*DATA SUPPLIED*
# # # # #

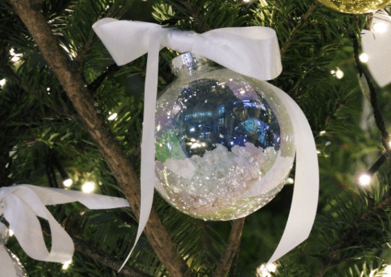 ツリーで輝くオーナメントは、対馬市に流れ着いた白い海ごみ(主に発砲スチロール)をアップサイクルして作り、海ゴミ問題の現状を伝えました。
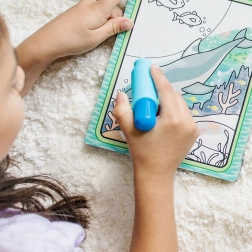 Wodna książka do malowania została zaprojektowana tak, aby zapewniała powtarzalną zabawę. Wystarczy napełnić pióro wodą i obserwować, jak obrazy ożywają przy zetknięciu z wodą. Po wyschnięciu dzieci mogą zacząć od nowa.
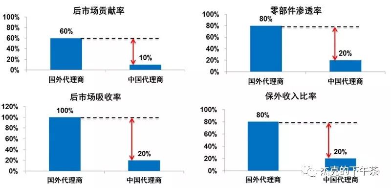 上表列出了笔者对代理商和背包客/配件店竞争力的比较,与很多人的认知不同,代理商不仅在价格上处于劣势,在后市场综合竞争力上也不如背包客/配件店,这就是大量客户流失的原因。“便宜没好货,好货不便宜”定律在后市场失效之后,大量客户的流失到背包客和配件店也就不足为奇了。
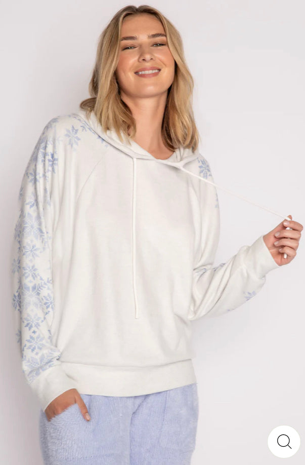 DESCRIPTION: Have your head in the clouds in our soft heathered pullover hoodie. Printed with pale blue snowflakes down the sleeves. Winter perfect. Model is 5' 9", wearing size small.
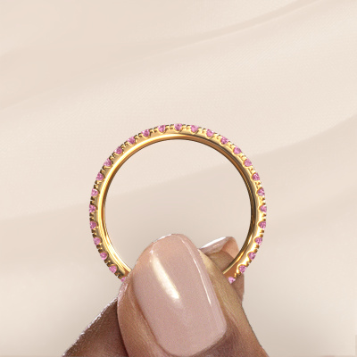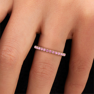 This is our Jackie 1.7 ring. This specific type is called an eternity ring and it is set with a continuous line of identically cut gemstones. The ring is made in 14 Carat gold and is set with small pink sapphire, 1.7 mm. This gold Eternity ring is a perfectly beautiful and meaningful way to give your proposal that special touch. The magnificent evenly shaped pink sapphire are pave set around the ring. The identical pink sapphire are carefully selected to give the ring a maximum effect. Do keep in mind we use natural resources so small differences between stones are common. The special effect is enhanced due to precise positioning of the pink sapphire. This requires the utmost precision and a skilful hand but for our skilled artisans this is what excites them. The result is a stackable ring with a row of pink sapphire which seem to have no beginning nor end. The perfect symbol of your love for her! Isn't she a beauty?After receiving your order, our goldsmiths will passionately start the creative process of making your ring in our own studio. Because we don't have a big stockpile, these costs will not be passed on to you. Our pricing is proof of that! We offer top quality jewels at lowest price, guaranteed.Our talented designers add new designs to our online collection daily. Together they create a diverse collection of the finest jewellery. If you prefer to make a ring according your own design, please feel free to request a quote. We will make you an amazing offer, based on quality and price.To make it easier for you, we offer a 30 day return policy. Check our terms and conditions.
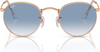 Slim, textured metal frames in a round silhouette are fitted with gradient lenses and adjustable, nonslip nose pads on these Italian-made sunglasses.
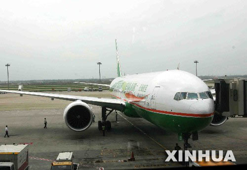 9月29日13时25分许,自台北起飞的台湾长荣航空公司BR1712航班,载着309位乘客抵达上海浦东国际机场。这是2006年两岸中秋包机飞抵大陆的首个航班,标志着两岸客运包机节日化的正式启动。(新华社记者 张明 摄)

# # # # #

From the first line to the last, output the data exactly; skip any pictures.

 ツリーで輝くオーナメントは、対馬市に流れ着いた白い海ごみ(主に発砲スチロール)をアップサイクルして作り、海ゴミ問題の現状を伝えました。
 Wodna książka do malowania została zaprojektowana tak, aby zapewniała powtarzalną zabawę. Wystarczy napełnić pióro wodą i obserwować, jak obrazy ożywają przy zetknięciu z wodą. Po wyschnięciu dzieci mogą zacząć od nowa.
 上表列出了笔者对代理商和背包客/配件店竞争力的比较,与很多人的认知不同,代理商不仅在价格上处于劣势,在后市场综合竞争力上也不如背包客/配件店,这就是大量客户流失的原因。“便宜没好货,好货不便宜”定律在后市场失效之后,大量客户的流失到背包客和配件店也就不足为奇了。
 DESCRIPTION: Have your head in the clouds in our soft heathered pullover hoodie. Printed with pale blue snowflakes down the sleeves. Winter perfect. Model is 5' 9", wearing size small.
 This is our Jackie 1.7 ring. This specific type is called an eternity ring and it is set with a continuous line of identically cut gemstones. The ring is made in 14 Carat gold and is set with small pink sapphire, 1.7 mm. This gold Eternity ring is a perfectly beautiful and meaningful way to give your proposal that special touch. The magnificent evenly shaped pink sapphire are pave set around the ring. The identical pink sapphire are carefully selected to give the ring a maximum effect. Do keep in mind we use natural resources so small differences between stones are common. The special effect is enhanced due to precise positioning of the pink sapphire. This requires the utmost precision and a skilful hand but for our skilled artisans this is what excites them. The result is a stackable ring with a row of pink sapphire which seem to have no beginning nor end. The perfect symbol of your love for her! Isn't she a beauty?After receiving your order, our goldsmiths will passionately start the creative process of making your ring in our own studio. Because we don't have a big stockpile, these costs will not be passed on to you. Our pricing is proof of that! We offer top quality jewels at lowest price, guaranteed.Our talented designers add new designs to our online collection daily. Together they create a diverse collection of the finest jewellery. If you prefer to make a ring according your own design, please feel free to request a quote. We will make you an amazing offer, based on quality and price.To make it easier for you, we offer a 30 day return policy. Check our terms and conditions.
 Slim, textured metal frames in a round silhouette are fitted with gradient lenses and adjustable, nonslip nose pads on these Italian-made sunglasses.
 9月29日13时25分许,自台北起飞的台湾长荣航空公司BR1712航班,载着309位乘客抵达上海浦东国际机场。这是2006年两岸中秋包机飞抵大陆的首个航班,标志着两岸客运包机节日化的正式启动。(新华社记者 张明 摄)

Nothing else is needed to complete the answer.